Triaryl/trialkylantimony(V) catecholates with electron-acceptor groups

• A series of new antimony(V) catecholates with electron-acceptor substituents.
• Complexes undergo two successive oxidation stages to mono- and dication derivatives.
• A weak dependence of catecholate redox potentials on the nature of groups at antimony.
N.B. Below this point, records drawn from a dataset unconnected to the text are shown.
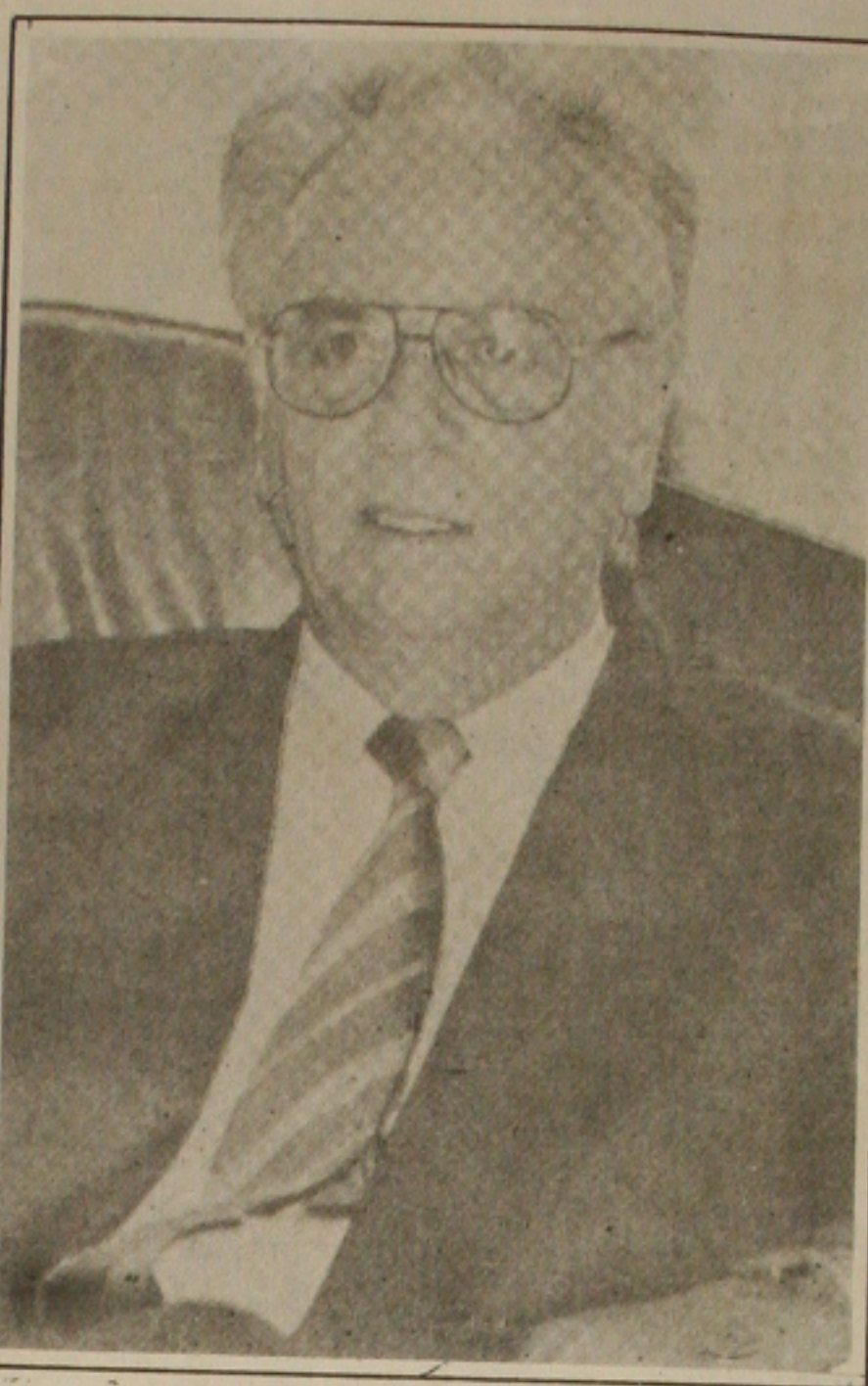
Itamar: voia, mas não apoia.

Por esse motivo, afirmou, muitas das soluções para os problemas habitacionais de desenvolvimento urbano ainda dependem da conclusão dos processos de descentralização, pois a gestão municipal, dado o seu tamanho e visibilidade junto à população, tem condições de executar melhor projetos urbanos públicos.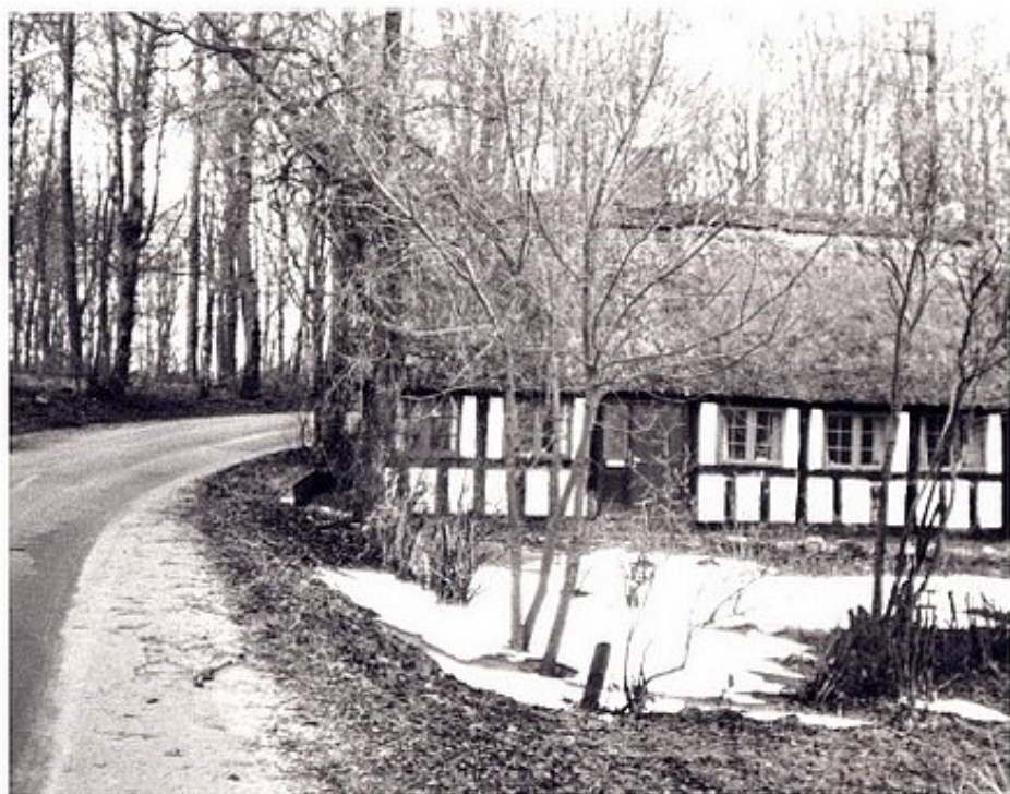
Skovhuset, Fregerslevvej 35. (B147)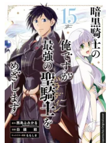
Dark Paladin 15 Taschenbuch

A number of new antimony(V) complexes of type CatSbR3 (R = ethyl, o-tolyl, p-tolyl, p-fluorophenyl, p-chlorophenyl) with 4-chloro-3,6-di-tert-butyl-catecholato (4-Cl-3,6-DBCat), 6-chloro-, 6-bromo- and 6-nitro-3,5-di-tert-butyl-catecholato (6-X-3,5-DBCat, X = Cl, Br, NO2) redox-active ligands was synthesized and characterized. The molecular structures of (4-Cl-3,6-DBCat)Sb(o-Tol)3 (2), (6-Cl-3,5-DBCat)Sb(p-Tol)3 (7), (6-Br-3,5-DBCat)Sb(p-Tol)3 (8) in crystals were determined by single-crystal X-ray analysis. In the accordance with cyclic voltammetry data, the oxidation of complexes proceeds in two successive stages with a formation of mono- and dicationic derivatives. The modification of Ph groups at antimony with different substituents does not affect appreciably the redox potentials of complexes containing the electron-acceptor groups in redox-active ligand.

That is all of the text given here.